* **Data to process**

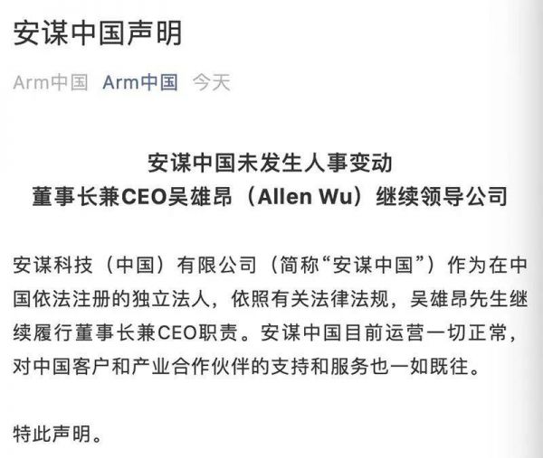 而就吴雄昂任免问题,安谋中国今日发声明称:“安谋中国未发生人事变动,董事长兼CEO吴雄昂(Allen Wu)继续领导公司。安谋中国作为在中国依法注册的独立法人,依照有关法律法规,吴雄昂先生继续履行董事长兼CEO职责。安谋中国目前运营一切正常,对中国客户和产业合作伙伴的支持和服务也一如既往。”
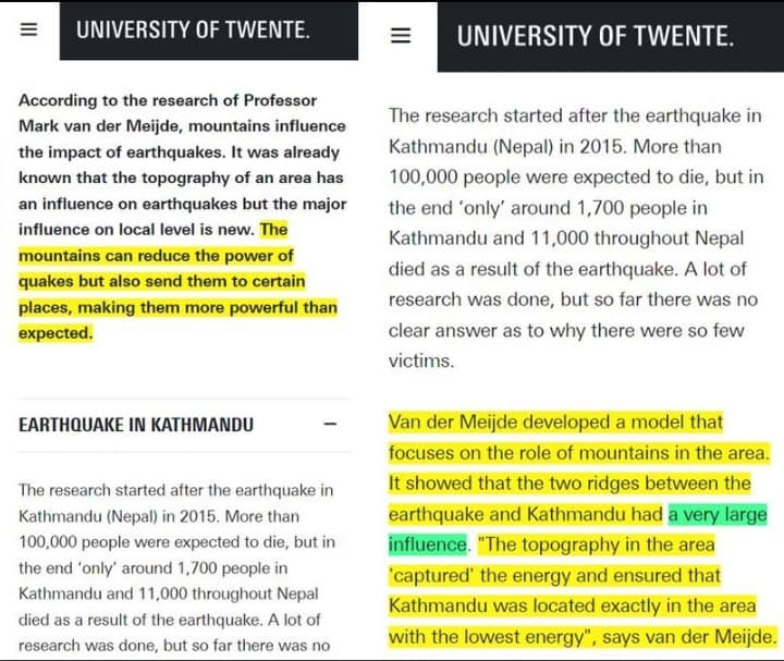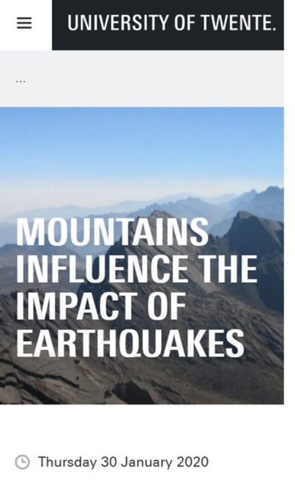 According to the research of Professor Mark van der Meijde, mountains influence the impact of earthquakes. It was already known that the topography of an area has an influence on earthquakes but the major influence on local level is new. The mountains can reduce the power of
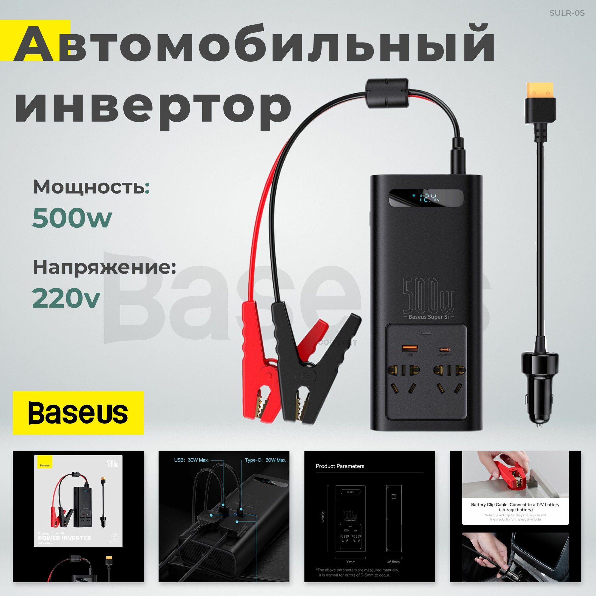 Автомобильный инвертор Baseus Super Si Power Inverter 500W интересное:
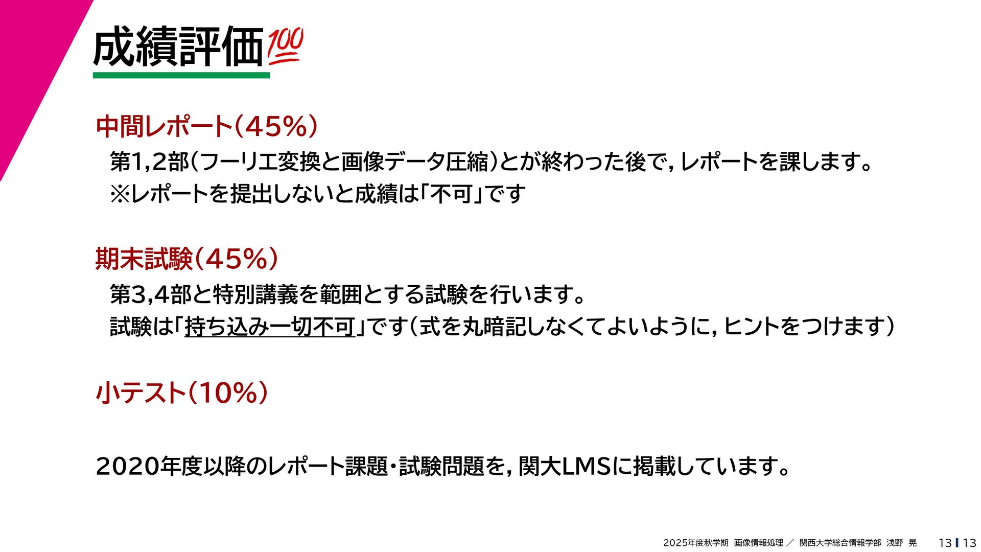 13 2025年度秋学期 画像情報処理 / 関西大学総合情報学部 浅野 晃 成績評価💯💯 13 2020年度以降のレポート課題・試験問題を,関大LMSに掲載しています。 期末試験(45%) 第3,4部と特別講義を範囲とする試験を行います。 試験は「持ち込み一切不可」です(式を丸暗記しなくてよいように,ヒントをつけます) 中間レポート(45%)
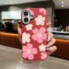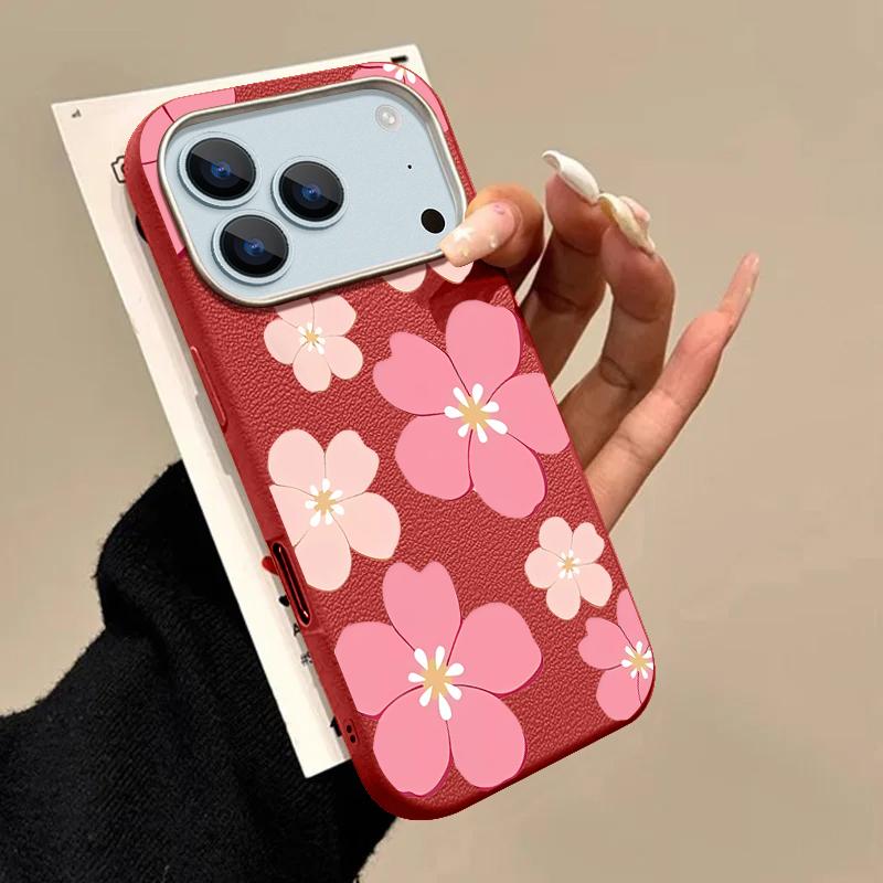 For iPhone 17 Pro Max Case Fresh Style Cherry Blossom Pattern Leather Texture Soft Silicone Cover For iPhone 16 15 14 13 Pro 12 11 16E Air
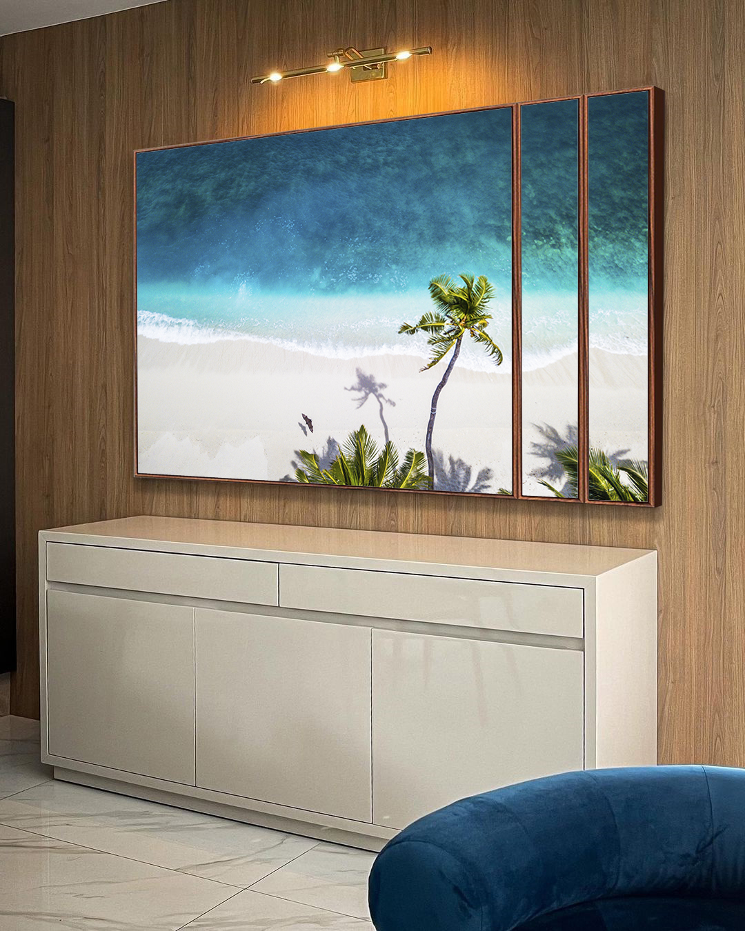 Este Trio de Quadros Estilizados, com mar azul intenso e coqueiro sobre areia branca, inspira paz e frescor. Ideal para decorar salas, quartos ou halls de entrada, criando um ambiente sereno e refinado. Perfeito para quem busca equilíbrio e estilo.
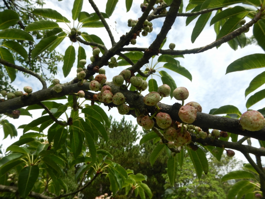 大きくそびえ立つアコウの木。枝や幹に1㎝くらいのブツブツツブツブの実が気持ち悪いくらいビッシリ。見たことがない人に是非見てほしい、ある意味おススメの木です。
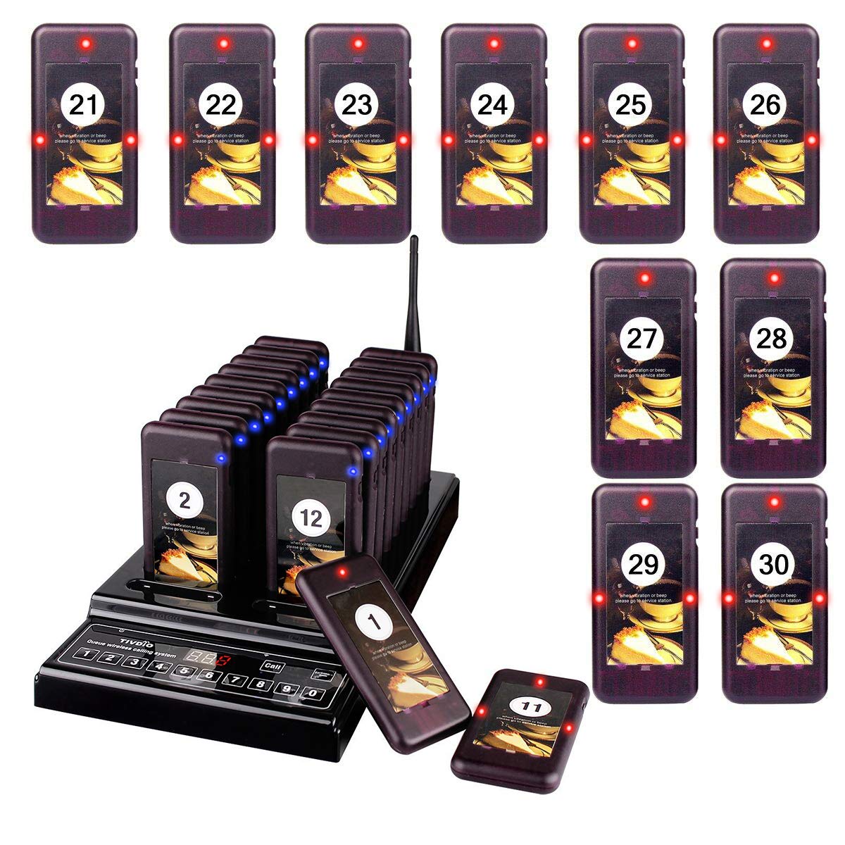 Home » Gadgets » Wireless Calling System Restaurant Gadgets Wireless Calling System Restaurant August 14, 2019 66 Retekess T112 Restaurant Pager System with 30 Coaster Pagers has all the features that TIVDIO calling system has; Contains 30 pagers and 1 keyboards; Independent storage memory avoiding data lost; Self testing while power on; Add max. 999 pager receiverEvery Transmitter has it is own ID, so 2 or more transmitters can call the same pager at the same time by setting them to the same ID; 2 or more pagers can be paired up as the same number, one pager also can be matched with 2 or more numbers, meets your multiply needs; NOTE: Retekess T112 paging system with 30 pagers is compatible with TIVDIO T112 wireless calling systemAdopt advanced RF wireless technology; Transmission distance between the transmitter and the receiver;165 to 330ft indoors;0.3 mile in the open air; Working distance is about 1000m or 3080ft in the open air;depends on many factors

* **About this exercise**
Within the listing above, extract exactly the lines that run from the one containing "According to the" through the one containing "Автомобильный инвертор Baseus", excluding any pictures.

* **Reply to the exercise**
 According to the research of Professor Mark van der Meijde, mountains influence the impact of earthquakes. It was already known that the topography of an area has an influence on earthquakes but the major influence on local level is new. The mountains can reduce the power of
 Автомобильный инвертор Baseus Super Si Power Inverter 500W интересное:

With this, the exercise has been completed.